TASK DIRECTIONS
Beginning with the line below that contains "This bingo card" and ending with the line that contains "Dean Gates of", retype every line exactly. Pictures are not copied.

··· GIVEN RECORDS ···

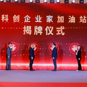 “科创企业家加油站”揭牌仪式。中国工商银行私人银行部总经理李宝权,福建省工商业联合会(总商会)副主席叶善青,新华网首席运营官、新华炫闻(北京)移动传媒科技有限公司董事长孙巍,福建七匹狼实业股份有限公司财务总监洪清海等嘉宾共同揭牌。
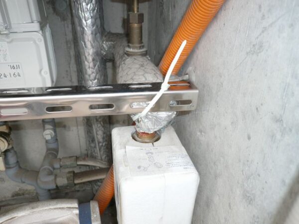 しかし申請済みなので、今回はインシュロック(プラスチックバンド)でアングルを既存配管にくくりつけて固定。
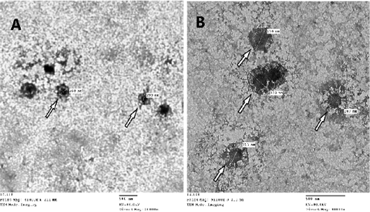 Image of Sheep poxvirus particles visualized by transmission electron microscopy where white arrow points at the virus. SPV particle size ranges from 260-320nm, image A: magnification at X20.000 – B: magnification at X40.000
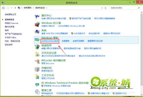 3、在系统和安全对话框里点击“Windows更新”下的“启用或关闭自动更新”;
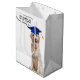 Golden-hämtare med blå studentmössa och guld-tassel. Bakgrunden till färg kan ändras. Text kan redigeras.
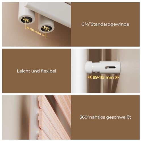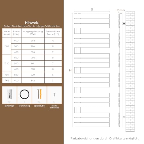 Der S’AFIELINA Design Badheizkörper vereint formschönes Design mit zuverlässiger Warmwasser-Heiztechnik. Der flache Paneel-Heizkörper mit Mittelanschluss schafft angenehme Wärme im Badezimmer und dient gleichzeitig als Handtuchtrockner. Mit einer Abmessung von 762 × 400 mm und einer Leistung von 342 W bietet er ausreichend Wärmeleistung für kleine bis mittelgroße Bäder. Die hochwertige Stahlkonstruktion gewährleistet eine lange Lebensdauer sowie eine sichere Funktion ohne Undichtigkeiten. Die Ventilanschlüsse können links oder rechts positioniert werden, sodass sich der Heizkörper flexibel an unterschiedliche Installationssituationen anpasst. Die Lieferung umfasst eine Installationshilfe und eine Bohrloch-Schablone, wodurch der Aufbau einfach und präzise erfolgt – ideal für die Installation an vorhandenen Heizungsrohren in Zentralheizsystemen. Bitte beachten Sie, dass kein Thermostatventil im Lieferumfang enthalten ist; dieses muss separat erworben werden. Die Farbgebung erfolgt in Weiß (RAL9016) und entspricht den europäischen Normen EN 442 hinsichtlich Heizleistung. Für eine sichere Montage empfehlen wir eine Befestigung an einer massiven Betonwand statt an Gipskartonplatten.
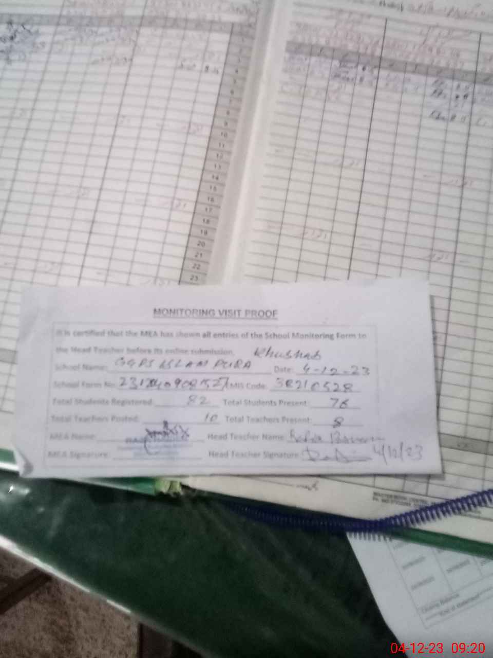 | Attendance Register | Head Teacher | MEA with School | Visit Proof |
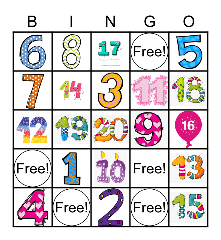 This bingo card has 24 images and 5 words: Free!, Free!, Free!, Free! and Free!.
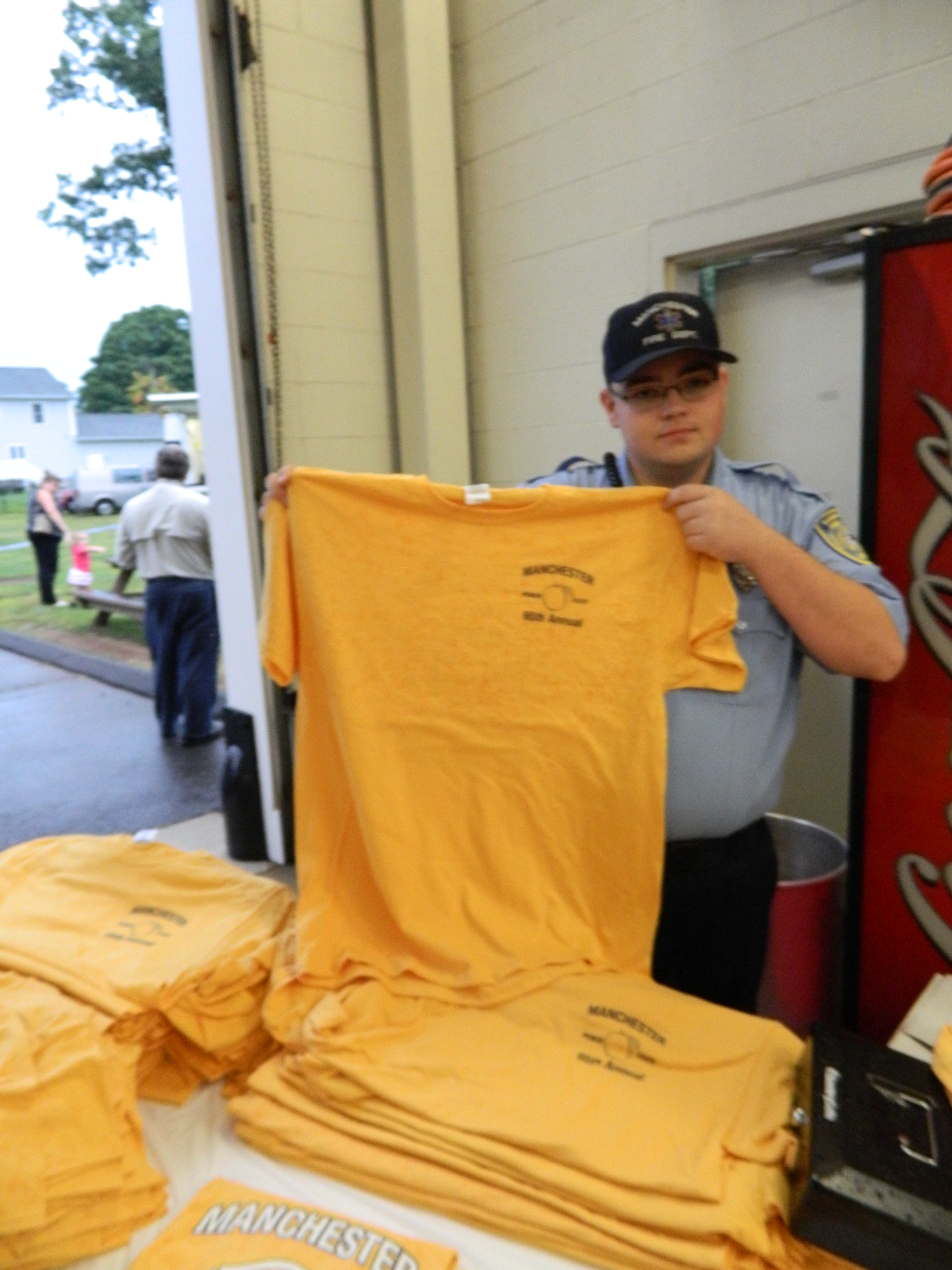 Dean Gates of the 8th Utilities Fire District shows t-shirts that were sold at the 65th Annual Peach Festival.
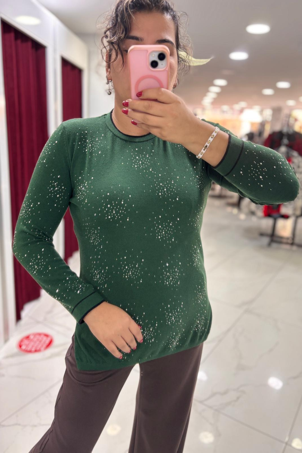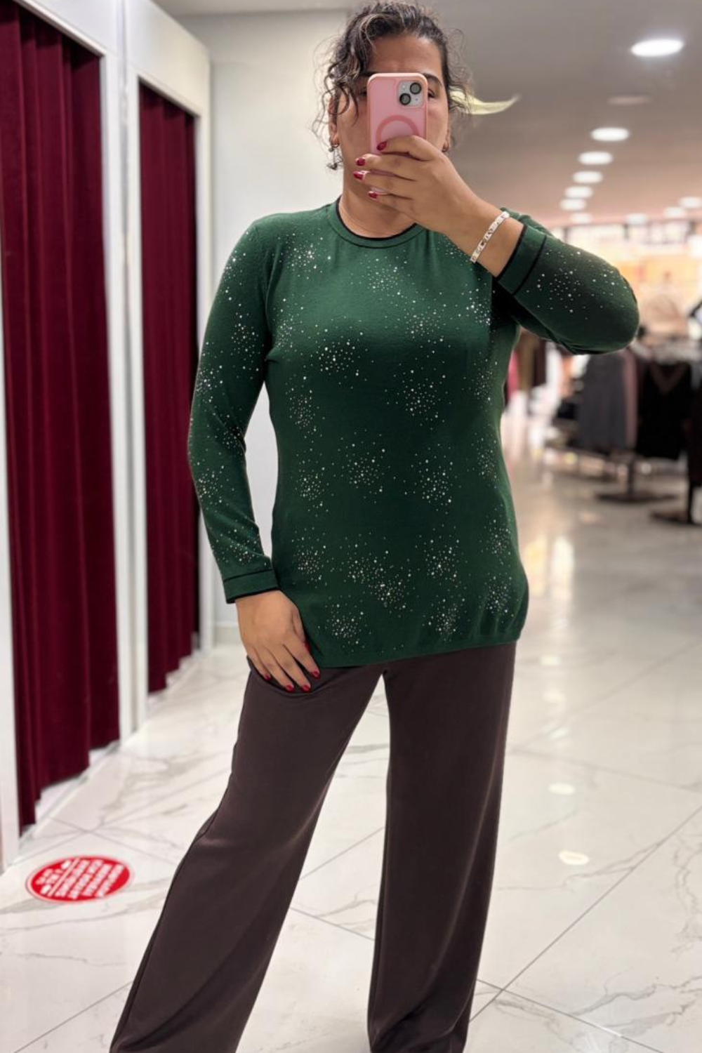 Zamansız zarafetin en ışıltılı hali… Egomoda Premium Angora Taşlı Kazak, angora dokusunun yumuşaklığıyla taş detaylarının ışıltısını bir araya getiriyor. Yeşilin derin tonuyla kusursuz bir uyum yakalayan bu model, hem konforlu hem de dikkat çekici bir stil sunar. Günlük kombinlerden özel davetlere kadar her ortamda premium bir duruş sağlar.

···
··· GIVEN RECORDS ···

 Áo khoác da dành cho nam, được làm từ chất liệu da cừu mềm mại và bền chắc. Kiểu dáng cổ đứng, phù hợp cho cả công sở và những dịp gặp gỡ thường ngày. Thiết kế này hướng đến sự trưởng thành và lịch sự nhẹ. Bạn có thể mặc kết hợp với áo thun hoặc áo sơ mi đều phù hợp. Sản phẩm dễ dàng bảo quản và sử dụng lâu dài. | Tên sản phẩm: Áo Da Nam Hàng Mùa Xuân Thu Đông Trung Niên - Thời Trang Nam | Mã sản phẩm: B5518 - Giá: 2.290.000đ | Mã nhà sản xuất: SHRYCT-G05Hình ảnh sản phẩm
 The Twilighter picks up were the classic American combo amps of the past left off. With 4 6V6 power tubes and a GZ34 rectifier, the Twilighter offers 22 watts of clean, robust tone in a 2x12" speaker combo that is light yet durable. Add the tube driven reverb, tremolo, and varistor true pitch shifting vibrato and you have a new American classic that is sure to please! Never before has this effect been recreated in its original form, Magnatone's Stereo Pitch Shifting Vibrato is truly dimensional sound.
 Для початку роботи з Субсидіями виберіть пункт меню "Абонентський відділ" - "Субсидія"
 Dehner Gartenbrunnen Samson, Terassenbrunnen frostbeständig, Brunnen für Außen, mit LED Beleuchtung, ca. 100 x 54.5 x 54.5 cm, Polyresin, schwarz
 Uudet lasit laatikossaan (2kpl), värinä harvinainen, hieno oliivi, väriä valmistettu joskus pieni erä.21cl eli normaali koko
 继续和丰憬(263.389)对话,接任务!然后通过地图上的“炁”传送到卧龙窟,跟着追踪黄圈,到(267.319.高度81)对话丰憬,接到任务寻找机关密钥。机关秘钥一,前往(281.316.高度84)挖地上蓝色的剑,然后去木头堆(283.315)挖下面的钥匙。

···

TASK OUTPUT
 This bingo card has 24 images and 5 words: Free!, Free!, Free!, Free! and Free!.
 Dean Gates of the 8th Utilities Fire District shows t-shirts that were sold at the 65th Annual Peach Festival.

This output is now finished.